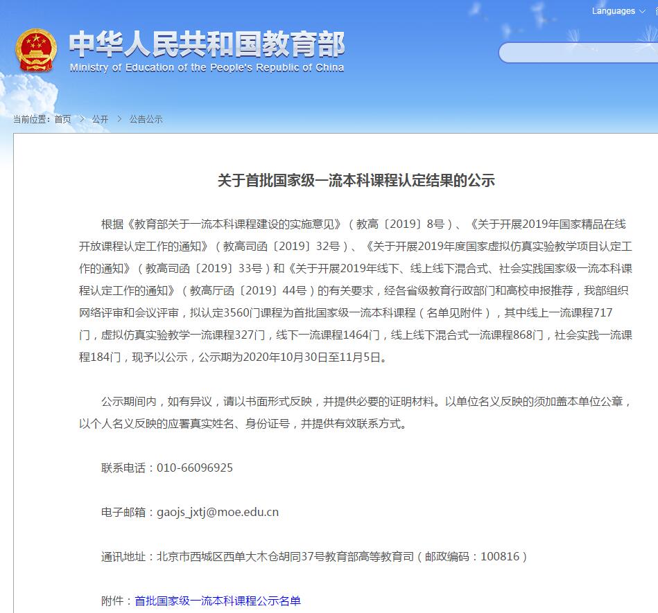 今日,公司邓学建教授课程团队的“中国鸟禽文化”、袁婺洲教授课程团队的“转基因的科学——基因工程”课程获教育部首批国家级一流本科课程认定结果公示,再次彰显了公司本科教学建设取得的丰硕成果。http://www.moe.gov.cn/jyb_xxgk/s5743/s5745/A08/202010/t20201030_497422.html
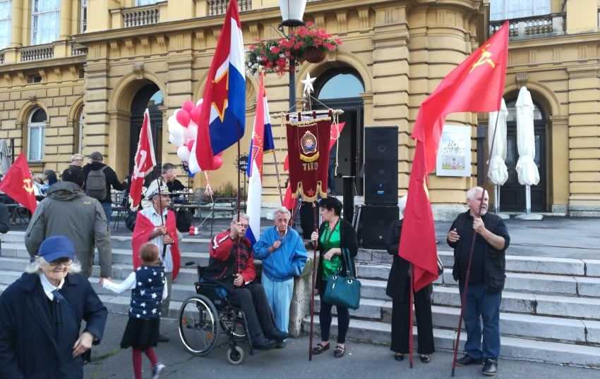 I dok sam u čudu gledao taj skup iz polusvijesti su me u trgli taktovi „Internacionale“ koje su s ushićenjem izvodile neke mlade djevojke. Sa strane ih je ozarenog lica s velikim oduševljenjem promatrao gospodin Zoran Pusić. Među 200-tinak okupljenih ugledao sam i gospodina Ivu Josipovića u blizini kojeg sam opazio i jedini stijeg Republike Hrvatske. Taj se stijeg po ničemu nije uklapao u koncepciju ovog skupa. Svi govornici po više puta spominjali su svog druga Tita što je bilo pozdravljano frenetičnim aplauzima tako da sam se uplašio i od same pomisli kako će se odjednom odnekuda pojaviti na bijelom konju u bijeloj maršalskoj uniformi. Bojeći se da neki još nisu saznali kako je Broz odavno umro pokušao sam to priopćiti jednoj sudionici skupa. Prostrijelila me je očima prepunim dobro poznate antifašističke mržnje tako da su mi se smrzni i đonovi na cipelama. Ne daj Bože da poviče revizionist, klerofašist ili ustaša. Tada sam se sjetio njihovih čuvenih parola „I poslje Tita Tito“ i „Zauvek s nama Tito“ te svog davno shvaćenog saznanja kako je nemoguće promijeniti njihov nakaradni mentalni sklop. Ti zombiji bi me rastrgali u pravoj antifašističkoj maniri i po dobro poznatom obrascu bacili u neku rupetinu. Ne bi me mogao spasiti ni čelnik zagrebačkog SDP-a koji je također došao evocirati uspomene na „slavni partizanski antifašizam“.
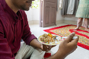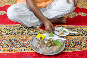 Indian woman puts oil on forehead of Indian man while sitting together during religious ceremony at home
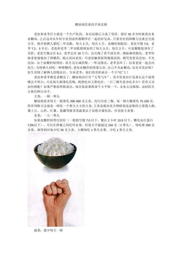 糖尿病饮食手掌法则
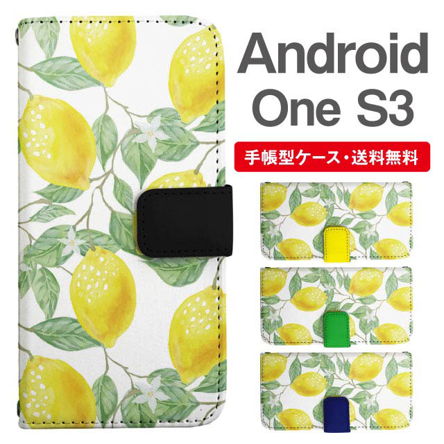スマホケース 手帳型 Android One S3 アンドロイドワン 携帯ケース カバー 送料無料 レモン フルーツ柄 果物 agesugi_ssm
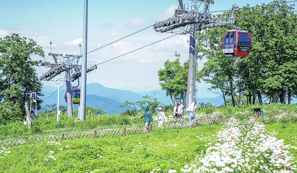 在国家级滑雪旅游度假地——吉林市万科松花湖度假区,草木葱郁、空气清新、凉风习习。度假区市场部负责人黄钟锐介绍,度假区探索发展四季旅游产业体系,打造了山地休闲、避暑度假等项目,这里拥有60万平方米的高山花海,还为热爱山地自行车等户外运动的游客提供了专业场地。“为了更好服务暑期游客,我们还策划了山谷音乐节、露营节等活动,文旅场景将进一步升级。”
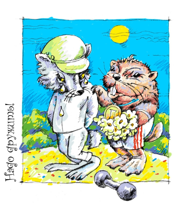 – Поднимать гантели и тяжести, – ответил медвежонок.
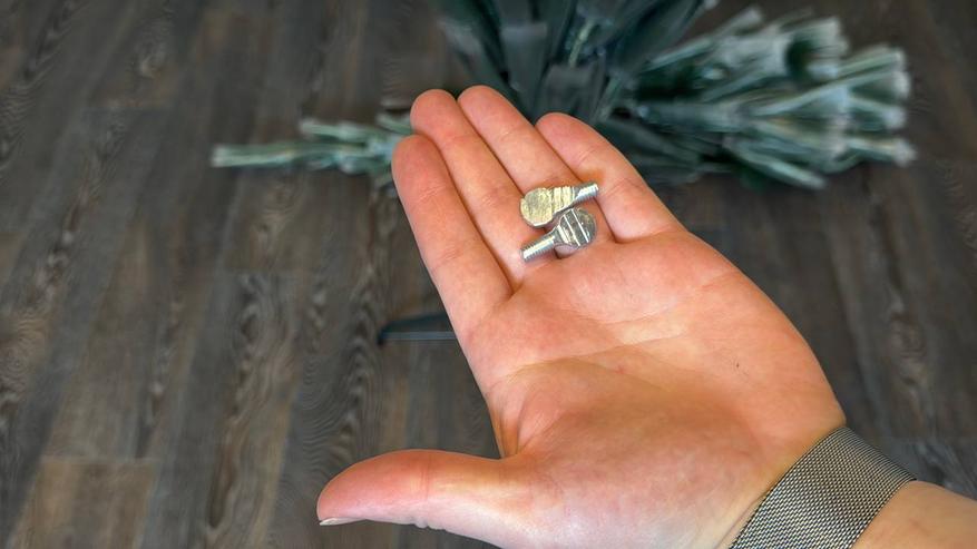 Подставка оказалась металлической, а не пластиковой — это большой плюс. Конструкция простая и понятная, крепления надёжные. Нижняя часть ствола крепится к подставке двумя болтиками, которые закручиваются вручную. Правда, на отверстиях металлической подставки края были слегка острые, так что пришлось немного пройтись наждачкой. Ничего критичного, но момент, на который стоит обратить внимание. В остальном все стандартно. Елка состоит из трех частей, которые вставляются друг в друга.
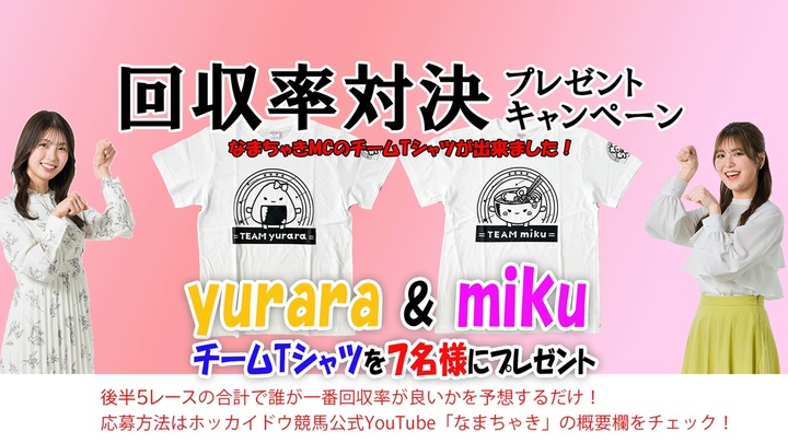 今回のプレゼントは、お待たせしました!なまちゃきMCのチームTシャツが完成しました。10月2日(水)は「TEAM miku」Tシャツを10月3日(木)は「TEAM yurara」Tシャツをそれぞれ7名様にプレゼントいたしますので、奮ってご応募ください。

===

_TASK TO CARRY OUT_
Find where the line with "Indian woman puts" sits in the material above and where the line with "тяжести, – ответил медвежонок." sits. Set down exactly the lines from the first to the second, both included and nothing else, without pictures.

_RESPONSE FOR THIS EXERCISE_
 Indian woman puts oil on forehead of Indian man while sitting together during religious ceremony at home
 糖尿病饮食手掌法则
スマホケース 手帳型 Android One S3 アンドロイドワン 携帯ケース カバー 送料無料 レモン フルーツ柄 果物 agesugi_ssm
 在国家级滑雪旅游度假地——吉林市万科松花湖度假区,草木葱郁、空气清新、凉风习习。度假区市场部负责人黄钟锐介绍,度假区探索发展四季旅游产业体系,打造了山地休闲、避暑度假等项目,这里拥有60万平方米的高山花海,还为热爱山地自行车等户外运动的游客提供了专业场地。“为了更好服务暑期游客,我们还策划了山谷音乐节、露营节等活动,文旅场景将进一步升级。”
 – Поднимать гантели и тяжести, – ответил медвежонок.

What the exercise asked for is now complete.